Refseq gene list - Githubissues

broadinstitute / ABC-Enhancer-Gene-Prediction

Cell type specific enhancer-gene predictions using ABC model (Fulco, Nasser et al, Nature Genetics 2019)

MIT License

202 stars 61 forks source link

Refseq gene list #61

Open yussufhajjaj opened 3 years ago

yussufhajjaj commented 3 years ago

Dear All,

I want to use the Ensemble gene list instead of refseq with hg38 assembly, is there a way to create a similar file as yours with the TSS being the largest region that contains all possible isoforms of a certain gene? and thanks in advance.

Best Regards,

Yussuf

nttg8100 commented 2 years ago

The key principle that they used is look at what is the most common TSS between serveral transcripts of a gene. Then, it will be the TSS of this one. I try to do the similar thing with same version refseq but can not cover 100% what they have in Chr22 as example. It miss some part due to the fact that there may not have the only largest but may have 2 or even 3. It is a big deal, you have to choose one but they did not mention how to do it next. Hope my comment help you a liitle.

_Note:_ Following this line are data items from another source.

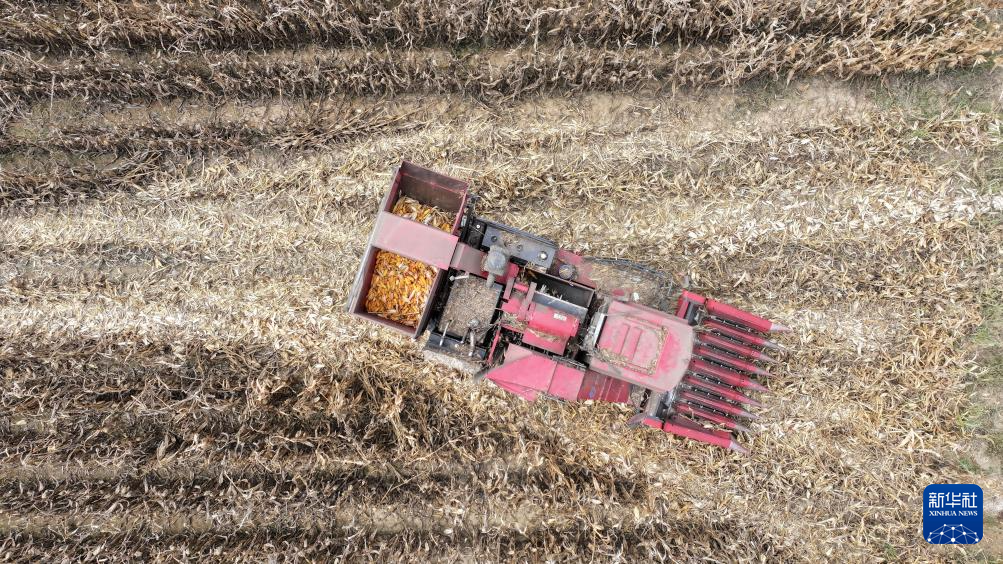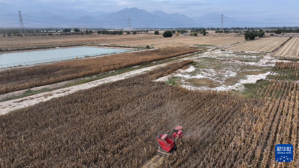 北方民族大学杨国平团队通过微生物方式治理过的盐碱地上种植的玉米已收获(10月12日摄,无人机照片)。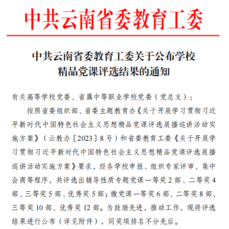 通知中心近日,中共云南省委教育工委公布学校学习贯彻习近平新时代中国特色社会主义思想精品党课评选结果,beat365官网马克思主义学院龙臻老师的微党课《“两个行”与“两个结合”》荣获三等奖。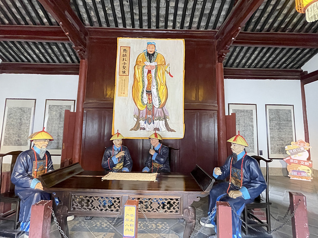 杏坛,孔子教学喜欢在亭子,因此有孔子的塑像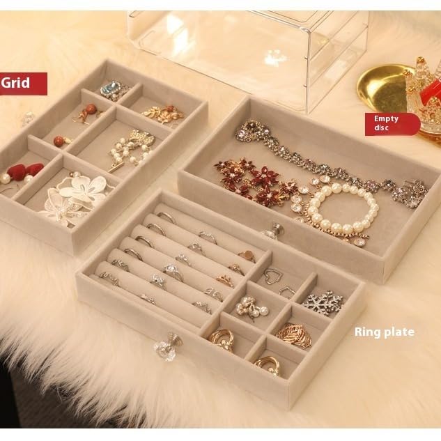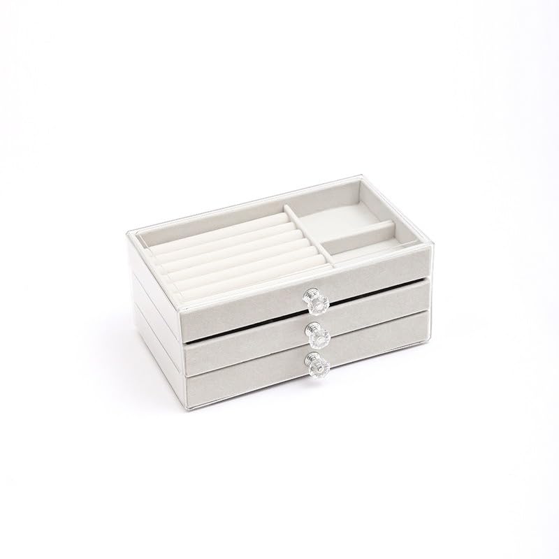 Generic - صندوق منظم مجوهرات للسفر من 3 طبقات للنساء والفتيات، صندوق تخزين مجوهرات متعدد الوظائف للاقراط والاساور والخواتم، مقاوم للغبار، تصميم عصري، X-196 (بيج)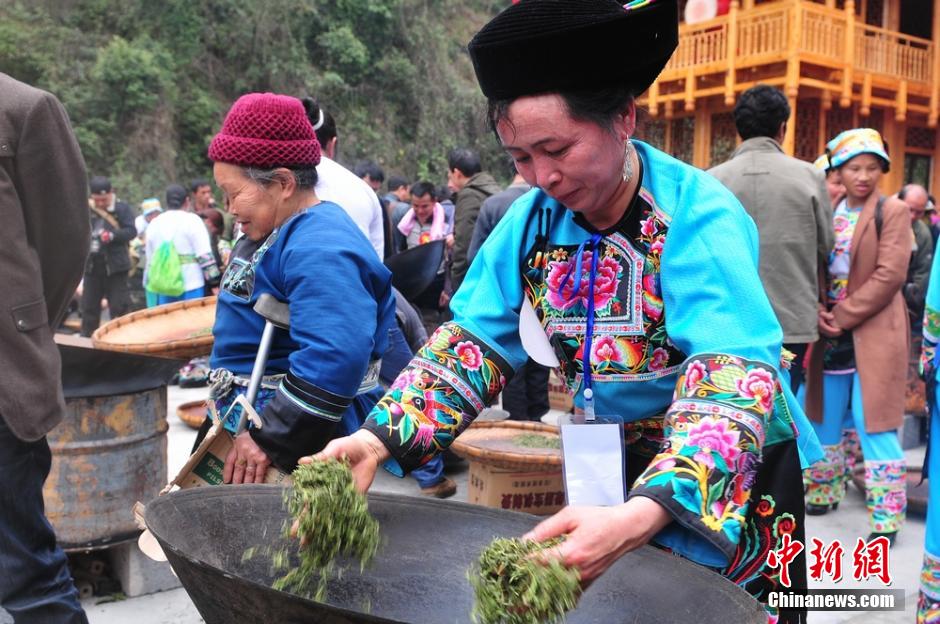 3月16日,湖南保靖县在葫芦镇黄金村举办保靖黄金茶炒茶王争霸赛。40位少数民族炒茶师在40口大锅里现炒茶叶,争夺“保靖黄金茶炒茶王”称号。 彭司进 摄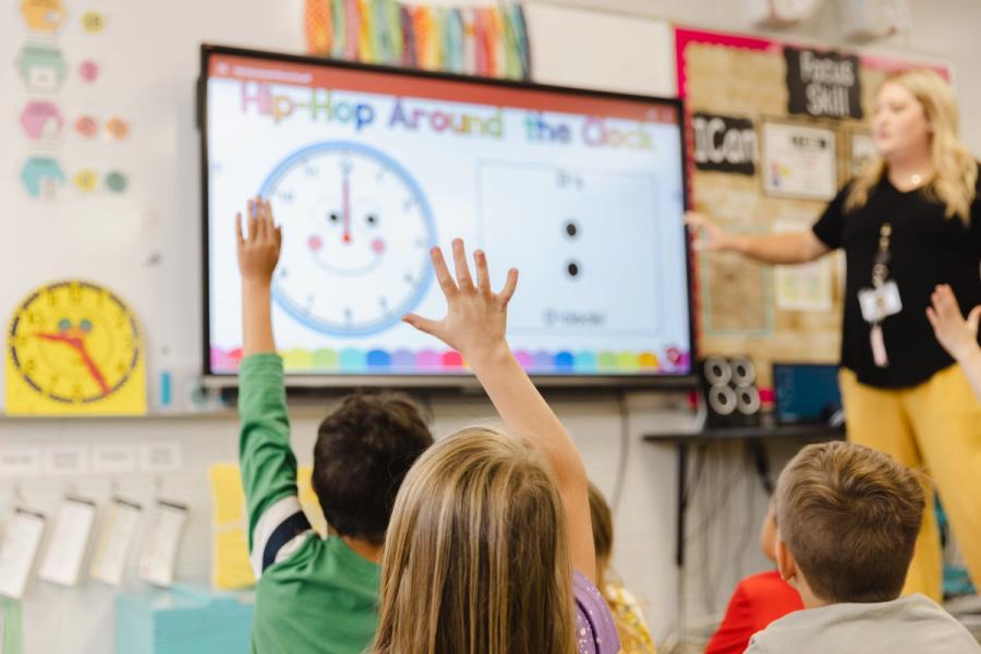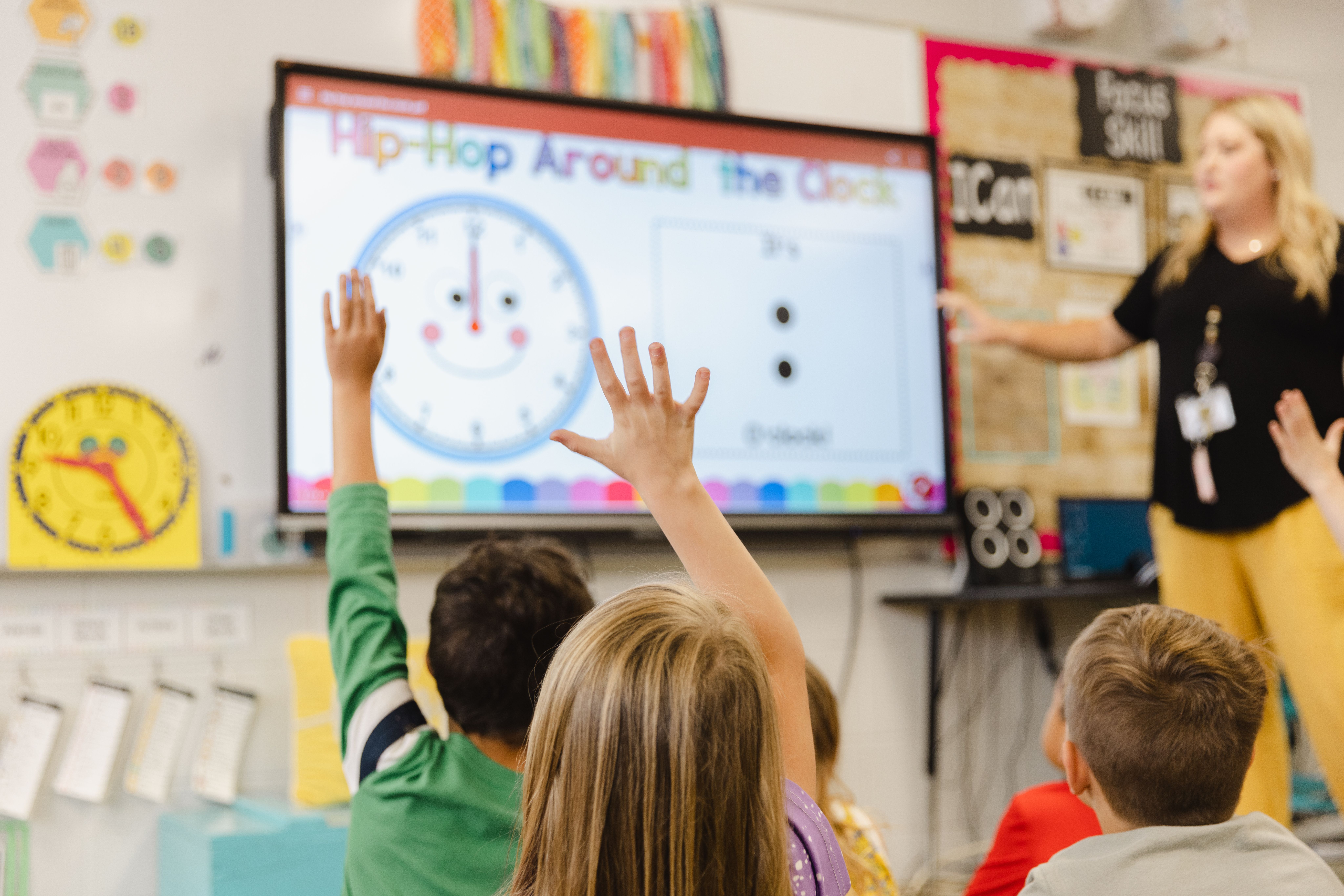Children's hands raise as a teacher in Blount County talks about telling time.

yussufhajjaj commented 2 years ago

Hi Thah,

I already used the Ensemble canonical track, in which they provide one TSS per gene depending on it to be the most conserved and highest expressed transcript for a gene in the different tissues. It works well for me, you might need to remove some gene types like pseudogenes and etc. It was nice from you to remind to drop a comment here, I totally forgot to update the issue. Thanks.

jxcao98 commented 10 months ago

Hi, In the canonical track, is the ISS position the start position of the transcript labeled as Ensembl_canonical in the gtf file?